WHAT TO PRODUCE: Each line of the records needs to be written out exactly, with any image left out.

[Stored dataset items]
######
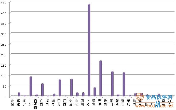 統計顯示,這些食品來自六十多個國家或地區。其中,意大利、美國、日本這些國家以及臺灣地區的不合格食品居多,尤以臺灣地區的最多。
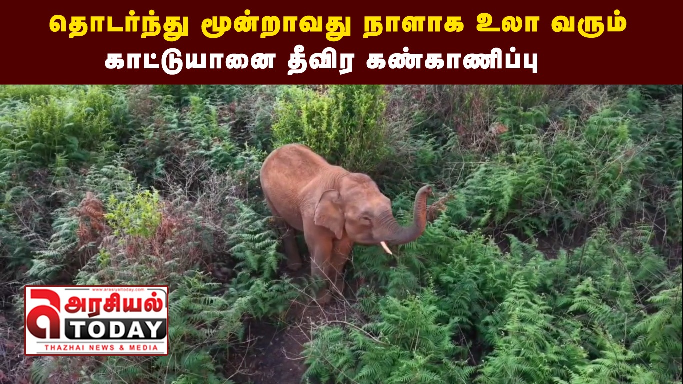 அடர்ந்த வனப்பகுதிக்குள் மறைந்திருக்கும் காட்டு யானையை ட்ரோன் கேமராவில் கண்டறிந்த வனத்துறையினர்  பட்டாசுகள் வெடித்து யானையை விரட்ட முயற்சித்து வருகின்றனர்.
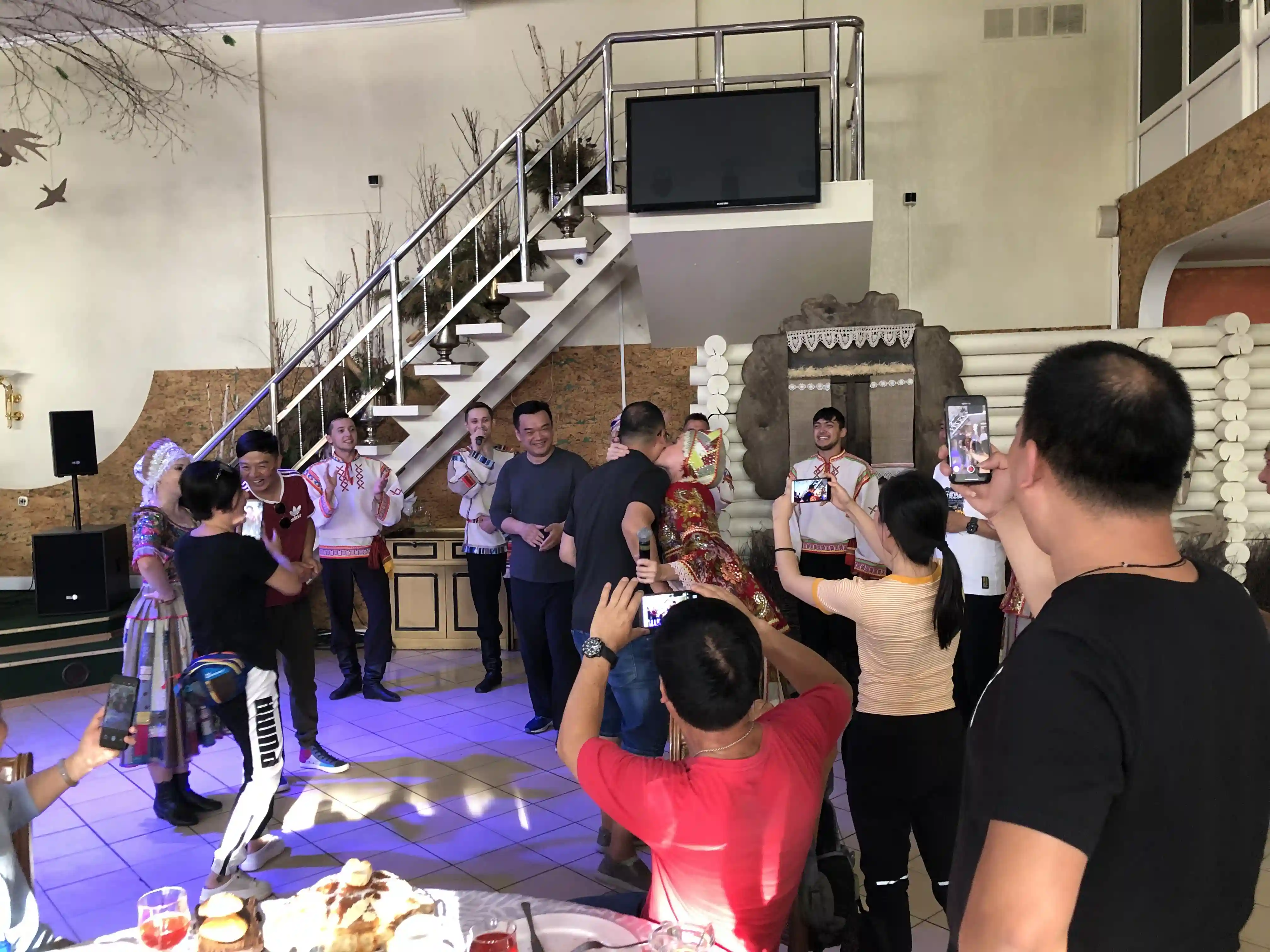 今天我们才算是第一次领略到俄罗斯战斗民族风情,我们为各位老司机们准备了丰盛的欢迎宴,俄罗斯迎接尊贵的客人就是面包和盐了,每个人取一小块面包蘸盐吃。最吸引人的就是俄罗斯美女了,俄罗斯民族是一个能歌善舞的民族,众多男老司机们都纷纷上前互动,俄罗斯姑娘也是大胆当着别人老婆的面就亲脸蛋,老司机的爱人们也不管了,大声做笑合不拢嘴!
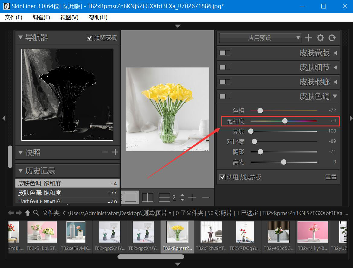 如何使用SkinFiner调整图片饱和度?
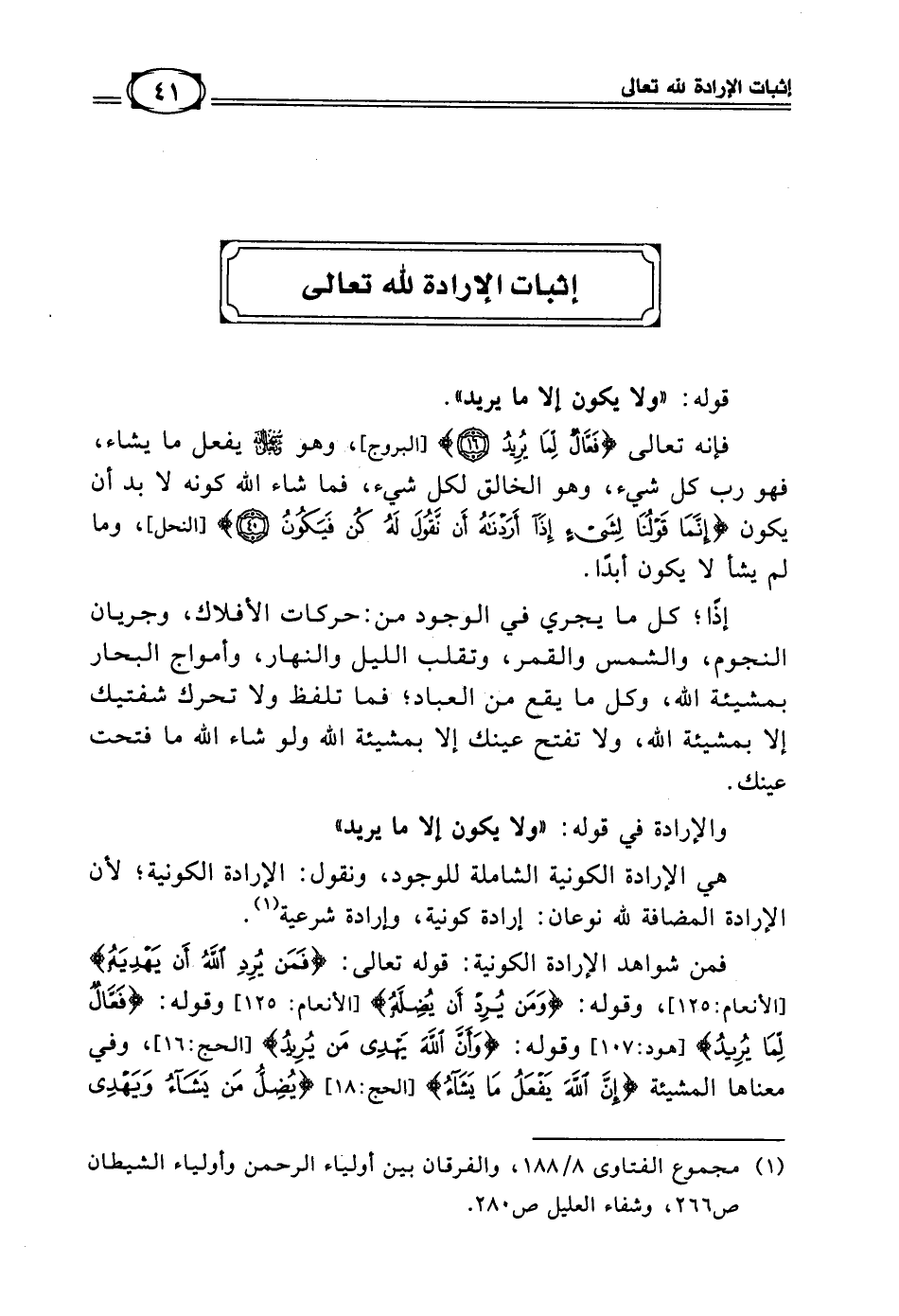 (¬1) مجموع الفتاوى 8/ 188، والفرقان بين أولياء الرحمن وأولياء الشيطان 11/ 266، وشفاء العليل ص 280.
######
EXERCISE RESULT:
 統計顯示,這些食品來自六十多個國家或地區。其中,意大利、美國、日本這些國家以及臺灣地區的不合格食品居多,尤以臺灣地區的最多。
 அடர்ந்த வனப்பகுதிக்குள் மறைந்திருக்கும் காட்டு யானையை ட்ரோன் கேமராவில் கண்டறிந்த வனத்துறையினர்  பட்டாசுகள் வெடித்து யானையை விரட்ட முயற்சித்து வருகின்றனர்.
 今天我们才算是第一次领略到俄罗斯战斗民族风情,我们为各位老司机们准备了丰盛的欢迎宴,俄罗斯迎接尊贵的客人就是面包和盐了,每个人取一小块面包蘸盐吃。最吸引人的就是俄罗斯美女了,俄罗斯民族是一个能歌善舞的民族,众多男老司机们都纷纷上前互动,俄罗斯姑娘也是大胆当着别人老婆的面就亲脸蛋,老司机的爱人们也不管了,大声做笑合不拢嘴!
 如何使用SkinFiner调整图片饱和度?
 (¬1) مجموع الفتاوى 8/ 188، والفرقان بين أولياء الرحمن وأولياء الشيطان 11/ 266، وشفاء العليل ص 280.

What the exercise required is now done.